The specific code is as follows
import requests
from multiprocessing.dummy import Pool as ThreadPool
from lxml import etree
import sys
import time
import random
import csv
def spider(url):
header={
'Mozilla/5.0 (Windows NT 10.0; Win64; x64) AppleWebKit/537.36 (KHTML, like Gecko) Chrome/56.0.2924.87 Safari/537.36'
}
timeout=random.choice(range(31,50))
html = requests.get(url,header,timeout=timeout)

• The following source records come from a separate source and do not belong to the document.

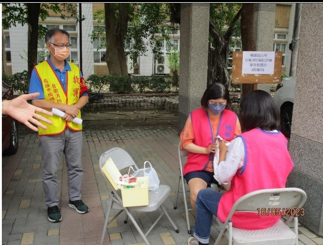
說明：救護急救處置情形 1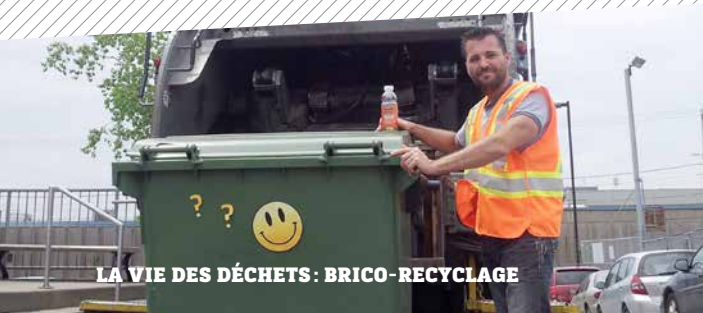
LA VIE DES DÉCHETS : BRICO-RECYCLAGE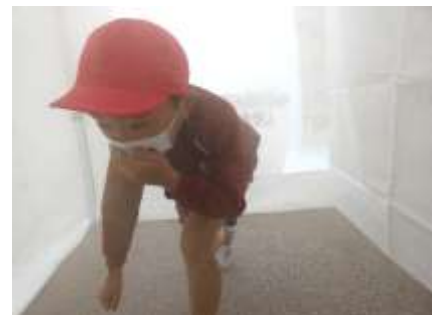
避難訓練(4年煙体験)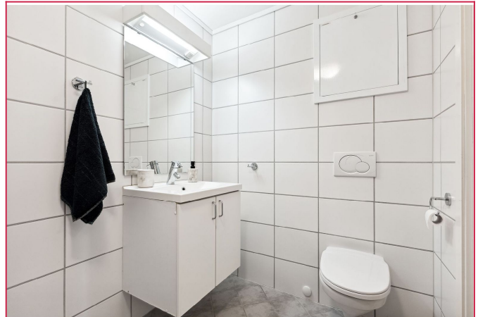
Helfisest Bad med servant, toalett, dusj og vaskemaskin.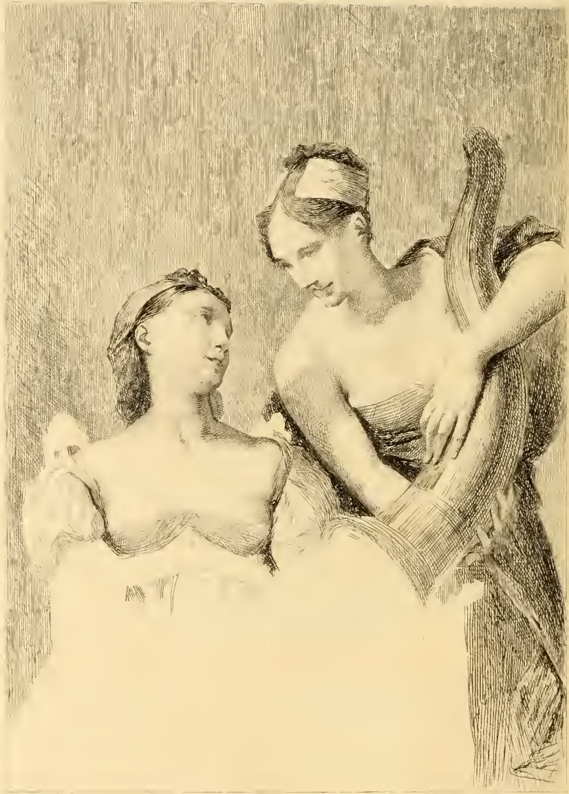
W. Laing, d'après Paul bon

time.sleep(random.choice(range(8,16)))
selector = etree.HTML(html.text)
content_field = selector.xpath('//*[@class="inner"]/p[3]/p[2]/ul/li')
item ={}
for each in content_field:
g = each.xpath('a/p[1]/p[1]/h3/span/text()')
go = each.xpath('a/p[1]/p[2]/p/h3/text()')
h = each.xpath('a/p[1]/p[2]/p/p/text()[1]')
j= each.xpath('a/p[1]/p[1]/p/text()[2]')
ge = each.xpath('a/p[1]/p[2]/p/p/text()[3]')
x = each.xpath('a/p[1]/p[1]/p/text()[3]')
city = each.xpath('a/p[1]/p[1]/p/text()[1]')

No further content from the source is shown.